(GIVEN INFORMATION begins)

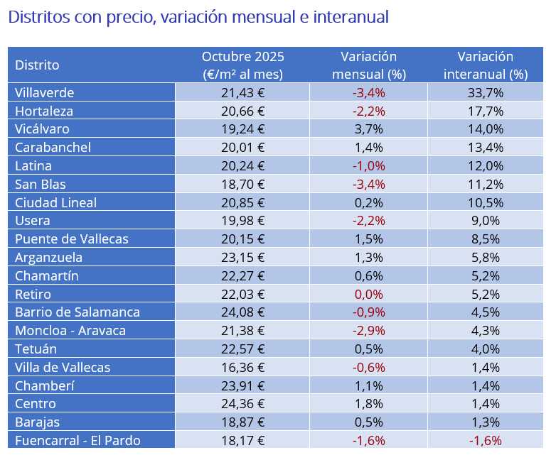 El precio del alquiler sube en octubre en 19 de los 20 distritos analizados con variación interanual y son: Villaverde (33,7%), Hortaleza (17,7%), Vicálvaro (14,0%), Carabanchel (13,4%), Latina (12,0%), San Blas (11,2%), Ciudad Lineal (10,5%), Usera (9,0%), Puente de Vallecas (8,5%), Arganzuela (5,8%), Chamartín (5,2%), Retiro (5,2%), Barrio de Salamanca (4,5%), Moncloa – Aravaca (4,3%), Tetuán (4,0%), Villa de Vallecas (1,4%), Chamberí (1,4%), Centro (1,4%) y Barajas (1,3%).
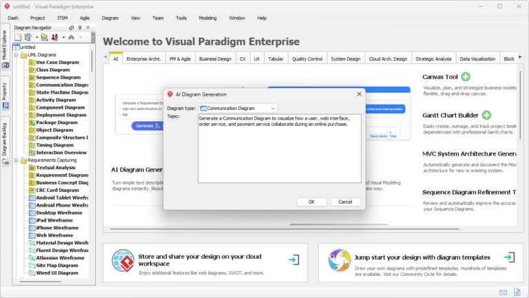 Discover how Visual Paradigm’s AI generates UML Communication Diagrams from natural language, streamlining online purchase flow visualization for developers and …
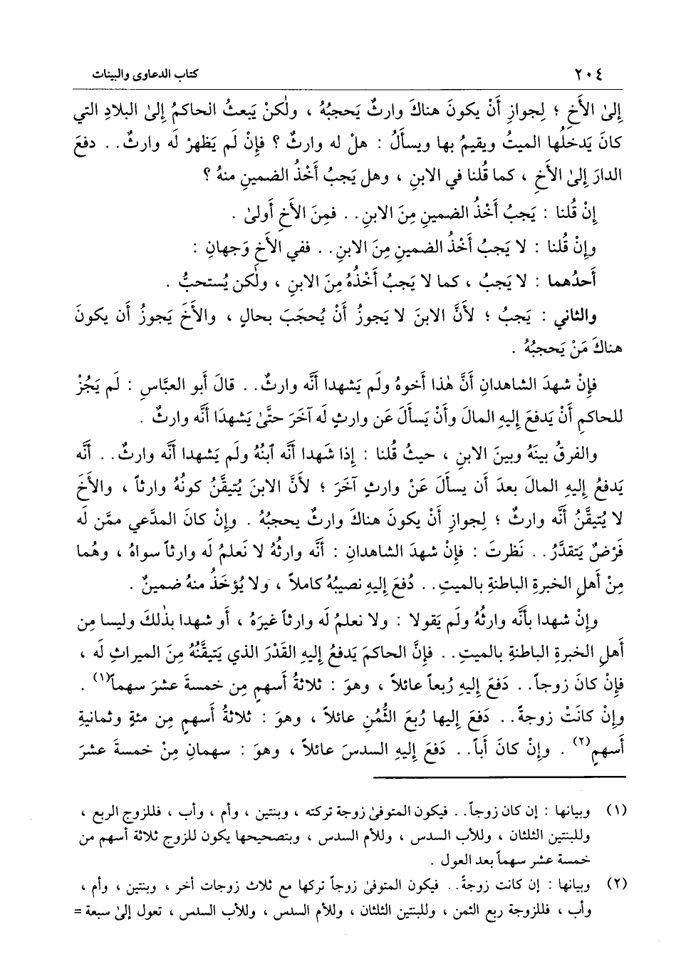 والفرق بينه وبين الابن، حيث قلنا: إذا شهد أنه ابنه ولم يشهدا أنه وارث.. أنه يدفع إليه المال بعد أن يسأل عن وارث آخر؛ لأن الابن يتيقن كونه وارثا، والأخ لا يتيقن أنه وارث؛ لجواز أن يكون هناك وارث يحجبه. وإن كان المدعي ممن له فرض يتقدر.. نظرت: فإن شهد الشاهدان: أنه وارثه لا نعلم له وارثا سواه، وهما من أهل الخبرة الباطنة بالميت.. دفع إليه نصيبه كاملا، ولا يؤخذ منه ضمين.
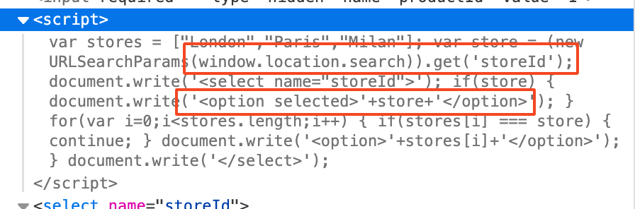 This is taking input from the storeId parameter, and is writing it to the page inside of an option tag using the document.write function.
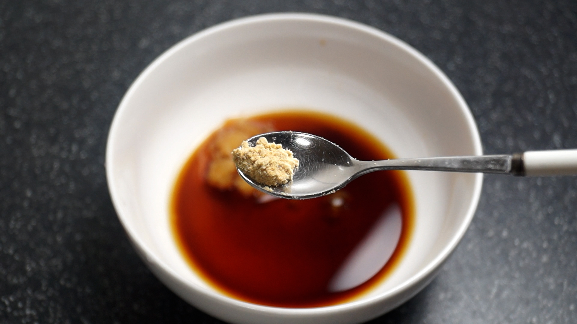 4. 돼지고기와 잘어울리는 생강가루를 1/3티스푼 또는 2꼬집 정도를 넣고 색감과 감칠맛 나는 짠맛 보태줄 굴소스 반스푼을 넣어주세요.
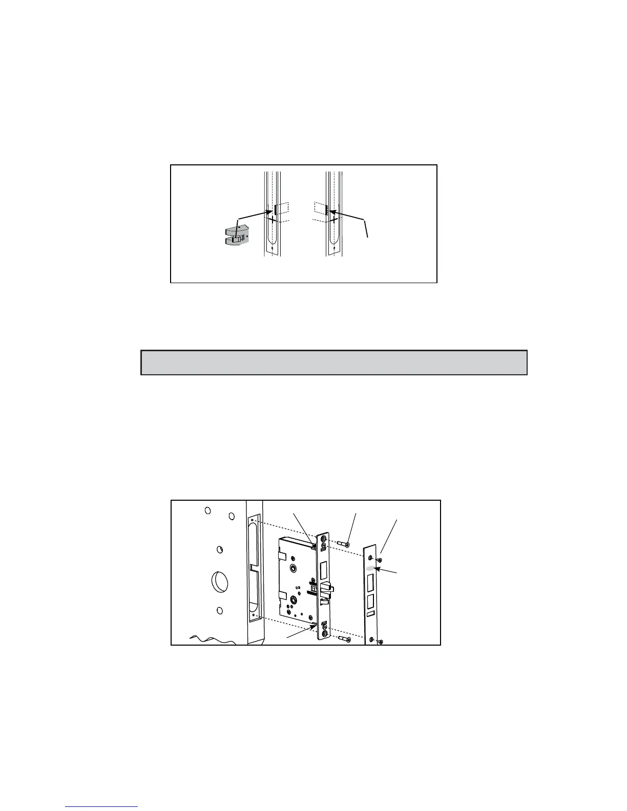 Install the mortise with 2 screws (Q). Use wood screws for wood doors
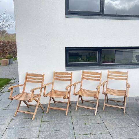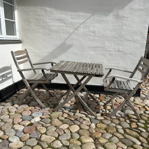 Flot Trip Trap (hedder idag Skagerak) havebord i hvidlakeret træ med 4 stole + hynder.
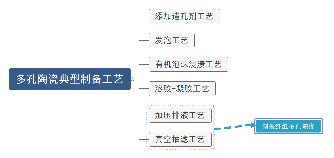 典型多孔陶瓷制備工藝:添加造孔劑工藝、發(fā)泡工藝、有機(jī)泡沫浸漬工藝,溶膠-凝膠工藝,還有制備纖維多孔陶瓷的加壓排液工藝和真空抽濾工藝。
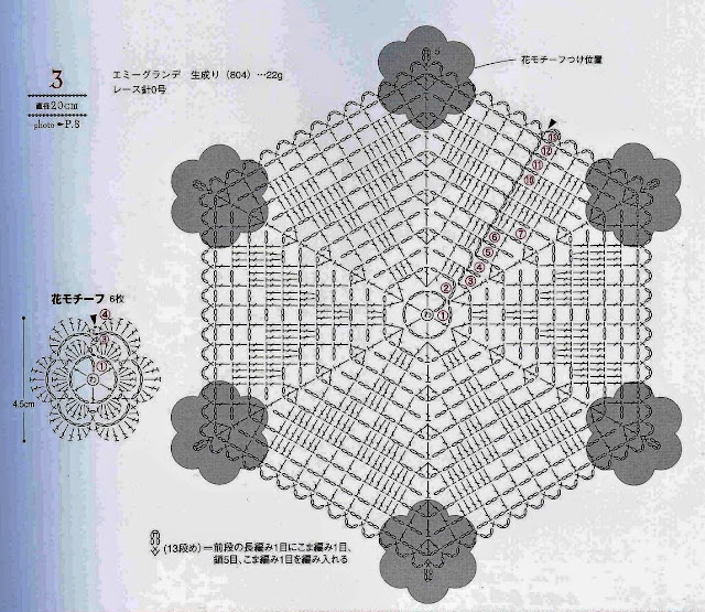 The smaller hexagonal motive for tablecloths, napkins, blankets ...
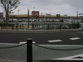 先の建物がカスミストア 赤い看板のしたあたりに「モルバン」って
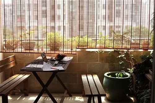 比较有趣的阳台装修,阳台设计的比较低矮,再用上比较粗砾的岩石砖,配上植物、大水缸、户外材质的桌椅,和风软帘。

(GIVEN INFORMATION ends)

[WHAT THE EXERCISE ASKS] Pictures aside, retype the entries above exactly as they are.

[EXERCISE ANSWER]
 El precio del alquiler sube en octubre en 19 de los 20 distritos analizados con variación interanual y son: Villaverde (33,7%), Hortaleza (17,7%), Vicálvaro (14,0%), Carabanchel (13,4%), Latina (12,0%), San Blas (11,2%), Ciudad Lineal (10,5%), Usera (9,0%), Puente de Vallecas (8,5%), Arganzuela (5,8%), Chamartín (5,2%), Retiro (5,2%), Barrio de Salamanca (4,5%), Moncloa – Aravaca (4,3%), Tetuán (4,0%), Villa de Vallecas (1,4%), Chamberí (1,4%), Centro (1,4%) y Barajas (1,3%).
 Discover how Visual Paradigm’s AI generates UML Communication Diagrams from natural language, streamlining online purchase flow visualization for developers and …
 والفرق بينه وبين الابن، حيث قلنا: إذا شهد أنه ابنه ولم يشهدا أنه وارث.. أنه يدفع إليه المال بعد أن يسأل عن وارث آخر؛ لأن الابن يتيقن كونه وارثا، والأخ لا يتيقن أنه وارث؛ لجواز أن يكون هناك وارث يحجبه. وإن كان المدعي ممن له فرض يتقدر.. نظرت: فإن شهد الشاهدان: أنه وارثه لا نعلم له وارثا سواه، وهما من أهل الخبرة الباطنة بالميت.. دفع إليه نصيبه كاملا، ولا يؤخذ منه ضمين.
 This is taking input from the storeId parameter, and is writing it to the page inside of an option tag using the document.write function.
 4. 돼지고기와 잘어울리는 생강가루를 1/3티스푼 또는 2꼬집 정도를 넣고 색감과 감칠맛 나는 짠맛 보태줄 굴소스 반스푼을 넣어주세요.
 Install the mortise with 2 screws (Q). Use wood screws for wood doors
 Flot Trip Trap (hedder idag Skagerak) havebord i hvidlakeret træ med 4 stole + hynder.
 典型多孔陶瓷制備工藝:添加造孔劑工藝、發(fā)泡工藝、有機(jī)泡沫浸漬工藝,溶膠-凝膠工藝,還有制備纖維多孔陶瓷的加壓排液工藝和真空抽濾工藝。
 The smaller hexagonal motive for tablecloths, napkins, blankets ...
 先の建物がカスミストア 赤い看板のしたあたりに「モルバン」って
 比较有趣的阳台装修,阳台设计的比较低矮,再用上比较粗砾的岩石砖,配上植物、大水缸、户外材质的桌椅,和风软帘。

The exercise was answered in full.